Kentucky Supreme Court Hears Arguments on Decade-Old Historical Horse Racing Lawsuit
Posted on: August 15, 2020, 02:30h.
Last updated on: August 17, 2020, 11:37h.
The fate of historical horse racing (HHR) in Kentucky is back in the hands of the state’s Supreme Court. That’s after the panel heard arguments Friday about the legality of the gaming machines.
The state’s top court ruled on the matter six years ago, when it sent the case down to a lower court. That court found HHR gaming systems, also known as instant racing, met the definition of pari-mutuel betting. However, the panel agreed last year to hear arguments on that matter once again upon the appeal of the Family Foundation of Kentucky.
HHR machines are video gaming terminals that have the look and feel of slot machines or similar games, like video poker. However, HHR machine displays are based on the outcomes of past races.
The case has gone on for a decade, after the Kentucky Horse Racing Commission (KHRC), along with the state’s racetracks and other state agencies, sought confirmation that HHR machines met the definition of pari-mutuel wagering. While the Family Foundation challenged that ruling, Kentucky Downs opened the first parlor in Kentucky nine years ago.

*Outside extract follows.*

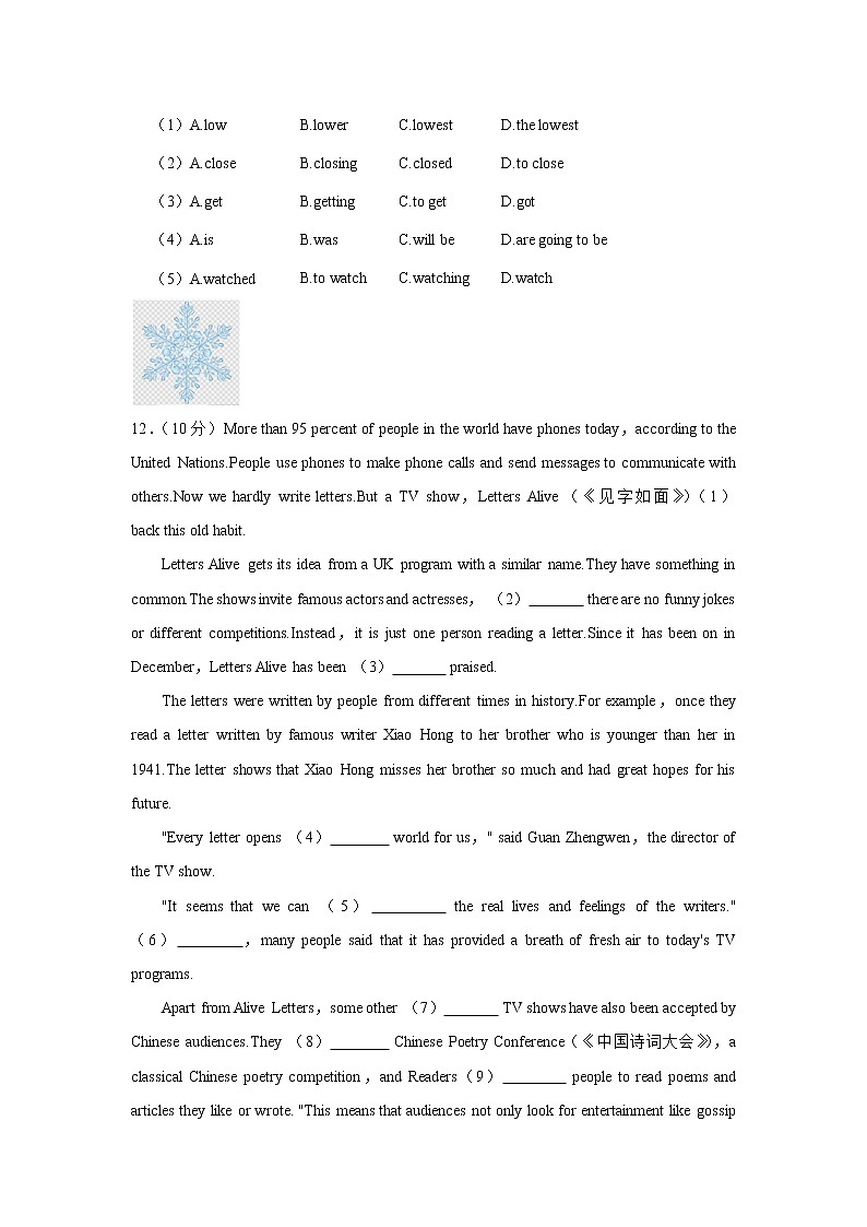 12.(10分)More than 95 percent of people in the world have phones today,according to the United Nations.People use phones to make phone calls and send messages to communicate with others.Now we hardly write letters.But a TV show,Letters Alive(《见字如面》)(1) back this old habit.

Friday’s arguments centered on the use of the Exacta Gaming system, which is in use at two of the state’s HHR parlors. A lawyer for Churchill Downs, which uses a system developed by Ainsworth Game Technology, argued before the court that the case is only dealing with the legality of the Exacta system and that a judgment should not be applied against the Ainsworth system.
A Loud Silence
Among the arguments the Family Foundation has made is that gaming was expanded in the state without the approval of elected officials. The governor appoints the KHRC board members.

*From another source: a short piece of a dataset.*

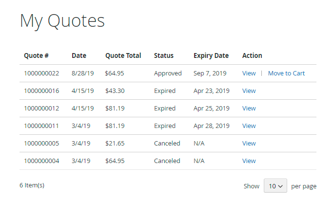 If a quote is approved by the admin, the customer can Move to Cart all the products right from the grid.

This case has a 10-year history, and it’s time to bring certainty to the question of the legality of historical horse racing and the Exacta Gaming system,” Family Foundation attorney Stan Cave told the court.
However, Jay Ingle, at attorney representing Kentucky Downs, argued that the legislature has had 10 years to get involved in the matter if it saw fit.
“The General Assembly, as this court knows, pays attention, and if it does not agree that this court’s opinion should be policy, it passes a new statute… If the legislature thought this was bad policy, if they thought historical horse racing terminals should be illegal, they would have said so, and they have not. And their silence speaks volumes,” Ingle stated.
It’s uncertain when the court may issue a ruling.
HHR Essential to Kentucky
Historical horse racing has become a big business in Kentucky. In fiscal year 2020, which ended in June, the state’s four parlors reported a handle of $2.26 billion. Even though the parlors were dark for more than two months because of COVID-19, the total handle was an 11.3 percent increase over the amount wagered the year prior. The parlors combined for gross revenues totaling nearly $189 million for the year.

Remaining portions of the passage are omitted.